Conduct Disorder (CD) is a disruptive type of behavioural disorder in which a child routinely violates the personal rights of others and shows no care for others’ property. CD is more often diagnosed in boys than girls and affects approximately five percent of the population under 15 years of age in the United Kingdom.
Signs/Symptoms of Conduct Disorder
There are a variety of signs/symptoms of conduct disorder, though for a formal diagnosis there must be at least one shown and it must be shown for a period of more than six months. Common signs/symptoms of CD include aggressive behaviours toward others or animals, destructive behaviours towards the property of others including harming or destroying items (including cars and homes), lying to others, stealing from others and playing truant from school. Older children and teens may also engage in behaviours harmful to themselves such as smoking and tobacco use, alcohol use, substance abuse and engaging in unprotected sexual activities.
Diagnosing Conduct Disorder
A diagnosis of Conduct Disorder must be made by a professional in child psychology. There are two types of conduct disorder and the distinction is marked by age. Child-Onset Type CD is diagnosed when at least one sign or symptom is shown, for at least six months, prior to the age of 10 years. Adolescent-Onset Type CD is diagnosed when at least one sign or symptom is show, for at least six months, after the age of 10 years but no signs or symptoms were shown prior to the age of 10 years. CD may also be described as mild, moderate or severe. Children with mild CD will exhibit few signs/symptoms and cause little harm to others. Children with moderate CD will exhibit multiple signs/symptoms and cause some harm to others. Children with severe CD will exhibit many signs/symptoms and will cause much harm to others through their actions or the consequences of their actions.
Treating Conduct Disorder
The method of treatment selected for a child with Conduct Disorder will be determined by the child’s age, signs/symptoms, and tolerance for or comfort with medications and/or therapies. Main approaches to treatment include cognitive-behavioural therapy which helps to improve a child’s problem-solving, communication, impulse control and anger management skills, family therapy/counselling and possibly medication to treat the signs/symptoms of CD.

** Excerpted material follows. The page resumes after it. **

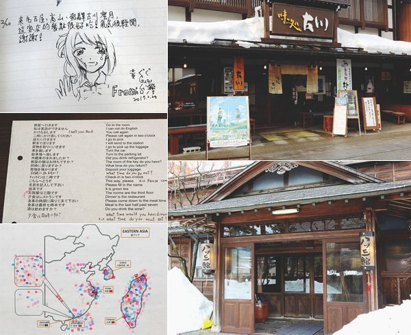 味処 古川(右上)では、『君の名は。』の聖地巡礼者に対しノートを用意。コメントから客の国名がわかる(左上)。ハツ三館(右下)の仲居さんの英語虎の巻(左中)。観光案内所では訪問者に自国の上にスタンプを押してもらっている。マーケティングにも役立つ(左下)。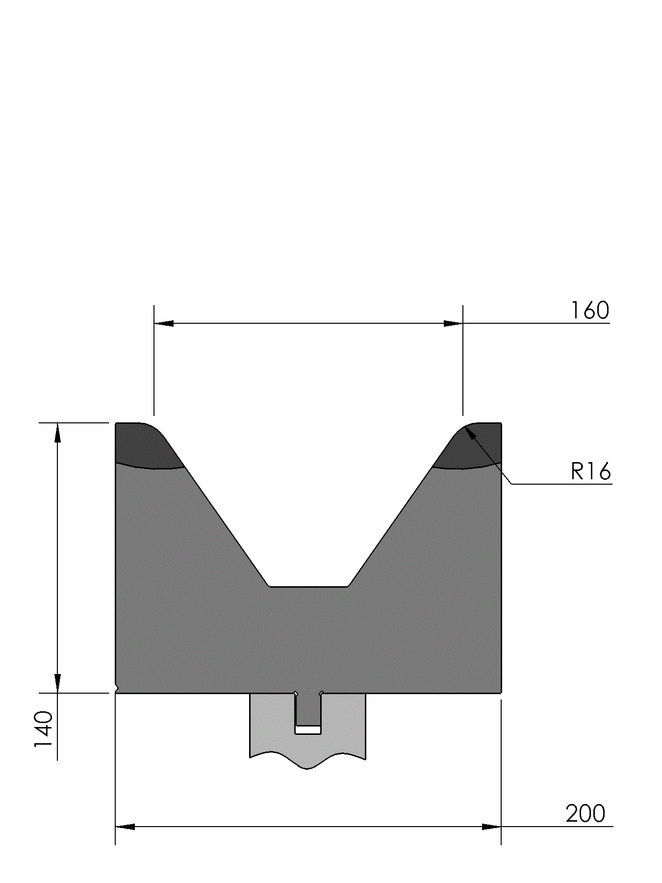 New Standard Premium Unterwerkzeug Arbeitshöhe=140mm, V-öffnung=160mm/70°, Biegeradius=16mm, geschliffen und CNC-Tiefgehärtet® (mindestens 4mm / 56-60HRc), Material=CR-MO

Living with Conduct Disorder
It is imperative that a child diagnosed with Conduct Disorder has a supportive family and home environment. Not only is this important for following whatever treatment programme is devised, but it helps the child realise that they are still loved and appreciated despite their behaviours. A healthy diet and plenty of exercise is also essential for children being treated for CD. Notifying teachers and tutors of a diagnosis of CD is also significant as it will help the child feel supported at school and notify educators of the child’s special needs.

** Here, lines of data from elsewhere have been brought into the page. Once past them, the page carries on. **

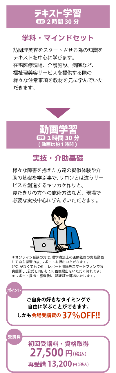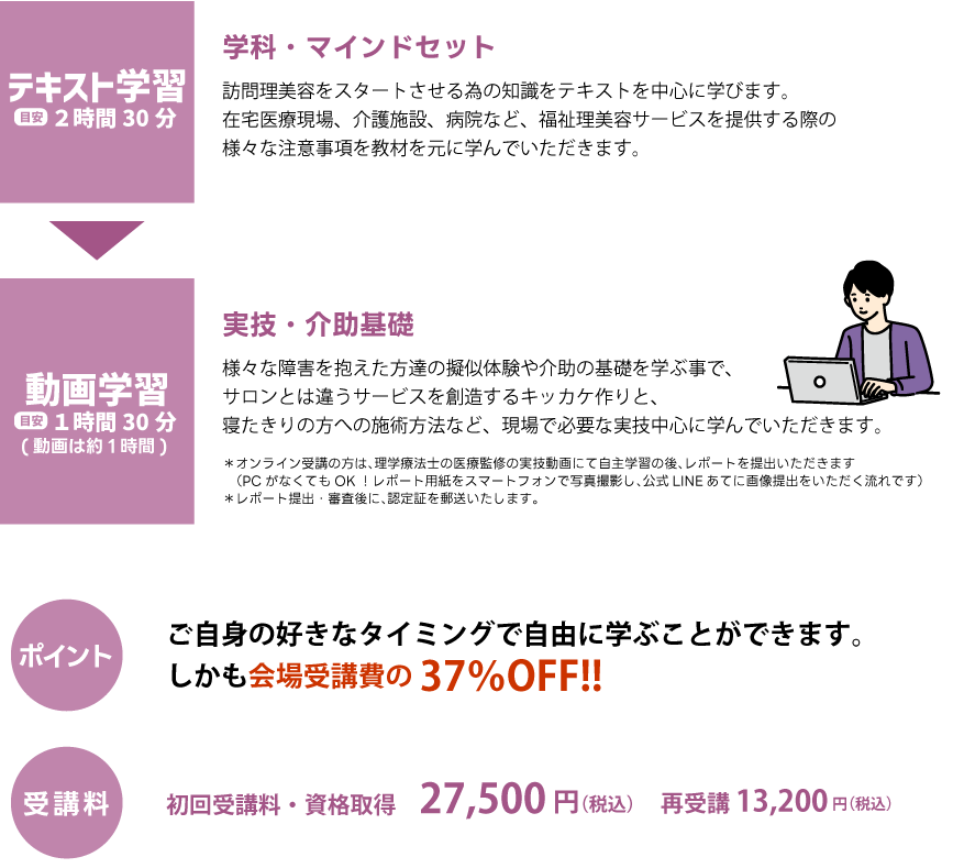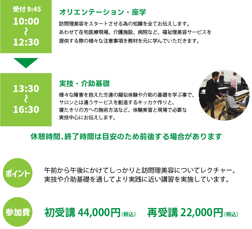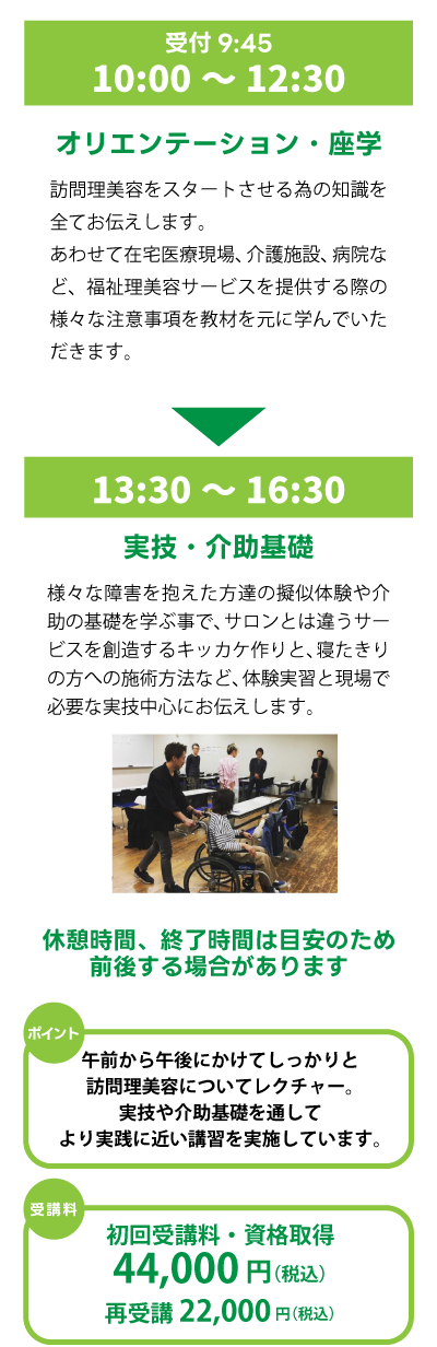 ◎オリエンテーション・座学 訪問理美容をスタートさせる為の知識を全てお伝えします。 あわせて在宅医療現場、介護施設、病院など、福祉理美容サービスを提供する際の様々な注意事項を教材を元に学んでいただきます。 |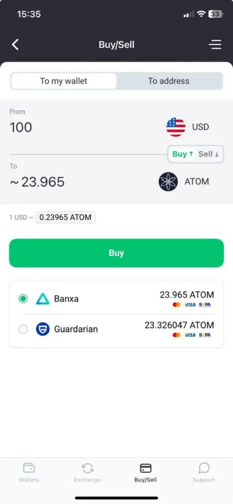 - You can also buy ATOM with crypto via the built-in Exchange tab. First, deposit another coin (e.g., Bitcoin), then use the Exchange option to swap it for ATOM.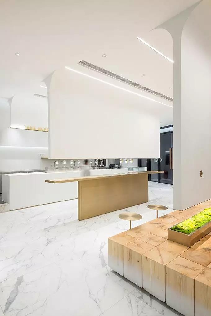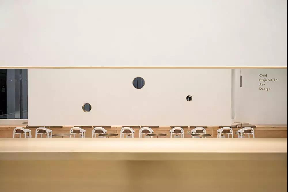 白色漸變油漆結(jié)合定制杉木座椅,同樣源于對奶蓋的聯(lián)想

Conduct Disorder is a behavioural disorder characterised by aggression, defiance and antisocial behaviour. CD must be diagnosed by a child psychology expert, and treatment may include cognitive-behavioural therapy, family counselling and/or medication to treat the signs/symptoms of the disorder. Families living with CD should remain supportive and loving towards the child with the disorder, and notify teachers and tutors so that the child will be supported at school as well.